You can find other fill strategies in the API docs.

Fill with interpolation

Additionally, you can fill missing data with interpolation by using the function interpolate instead of the function fill_null:

interpolate

fill_interpolation_df = df.with_columns(
    pl.col("col2").interpolate(),
)
print(fill_interpolation_df)

interpolate

let fill_interpolation_df = df
    .clone()
    .lazy()
    .with_column(col("col2").interpolate(InterpolationMethod::Linear))
    .collect()?;

println!("{}", fill_interpolation_df);

shape: (5, 2)
┌──────┬──────┐
│ col1 ┆ col2 │
│ ---  ┆ ---  │
│ f64  ┆ f64  │
╞══════╪══════╡
│ 0.5  ┆ 1.0  │
│ 1.0  ┆ 2.0  │
│ 1.5  ┆ 3.0  │
│ 2.0  ┆ 4.0  │
│ 2.5  ┆ 5.0  │
└──────┴──────┘

Not a Number, or NaN values

Missing data in a series is represented by the value null, regardless of the data type of the series. However, in columns that have a floating point data type, the value NaN can be used. These values can be created directly:

DataFrame

import numpy as np

nan_df = pl.DataFrame(
    {
        "value": [1.0, np.nan, float("nan"), 3.0],
    },
)
print(nan_df)

DataFrame

let nan_df = df!(
    "value" => [1.0, f64::NAN, f64::NAN, 3.0],
)?;
println!("{}", nan_df);

shape: (4, 1)
┌───────┐
│ value │
│ ---   │
│ f64   │
╞═══════╡
│ 1.0   │
│ NaN   │
│ NaN   │
│ 3.0   │
└───────┘

The special value NaN might also arise as the result of a computation:

df = pl.DataFrame(
    {
        "dividend": [1, 0, -1],
        "divisor": [1, 0, -1],
    }
)
result = df.select(pl.col("dividend") / pl.col("divisor"))
print(result)
let df = df!(
    "dividend" => [1.0, 0.0, -1.0],
    "divisor" => [1.0, 0.0, -1.0],
)?;

let result = df
    .clone()
    .lazy()
    .select([col("dividend") / col("divisor")])
    .collect()?;

println!("{}", result);
shape: (3, 1)
┌──────────┐
│ dividend │
│ ---      │
│ f64      │
╞══════════╡
│ 1.0      │
│ NaN      │
│ 1.0      │
└──────────┘

Info

By default, a NaN value in an integer column causes the column to be cast to a float data type in pandas. This does not happen in Polars; instead, an exception is raised.

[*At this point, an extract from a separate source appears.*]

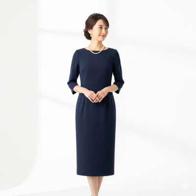 Elegant and refined outfits suit grandmothers well. For kimono, a plain-colored iromuji or a subdued Edo komon is appropriate, while for Western attire, a navy or gray ceremonial suit is recommended. Accessories such as pearls and a tasteful handbag add refinement, and comfortable shoes ensure a relaxed day. As shown in the example, even a simple outfit can feel more festive with the right accessories.

NaN values are considered to be a type of floating point data and are not considered to be missing data in Polars. This means:

  • NaN values are not counted with the function null_count; and
  • NaN values are filled when you use the specialised function fill_nan method but are not filled with the function fill_null.

Polars has the functions is_nan and fill_nan, which work in a similar way to the functions is_null and fill_null. Unlike with missing data, Polars does not hold any metadata regarding the NaN values, so the function is_nan entails actual computation.

One further difference between the values null and NaN is that numerical aggregating functions, like mean and sum, skip the missing values when computing the result, whereas the value NaN is considered for the computation and typically propagates into the result. If desirable, this behavior can be avoided by replacing the occurrences of the value NaN with the value null:

fill_nan

mean_nan_df = nan_df.with_columns(
    pl.col("value").fill_nan(None).alias("replaced"),
).select(
    pl.all().mean().name.suffix("_mean"),
    pl.all().sum().name.suffix("_sum"),
)
print(mean_nan_df)

fill_nan

let mean_nan_df = nan_df
    .clone()
    .lazy()
    .with_column(col("value").fill_nan(Null {}.lit()).alias("replaced"))
    .select([
        col("*").mean().name().suffix("_mean"),
        col("*").sum().name().suffix("_sum"),
    ])
    .collect()?;

println!("{}", mean_nan_df);

shape: (1, 4)
┌────────────┬───────────────┬───────────┬──────────────┐
│ value_mean ┆ replaced_mean ┆ value_sum ┆ replaced_sum │
│ ---        ┆ ---           ┆ ---       ┆ ---          │
│ f64        ┆ f64           ┆ f64       ┆ f64          │
╞════════════╪═══════════════╪═══════════╪══════════════╡
│ NaN        ┆ 2.0           ┆ NaN       ┆ 4.0          │
└────────────┴───────────────┴───────────┴──────────────┘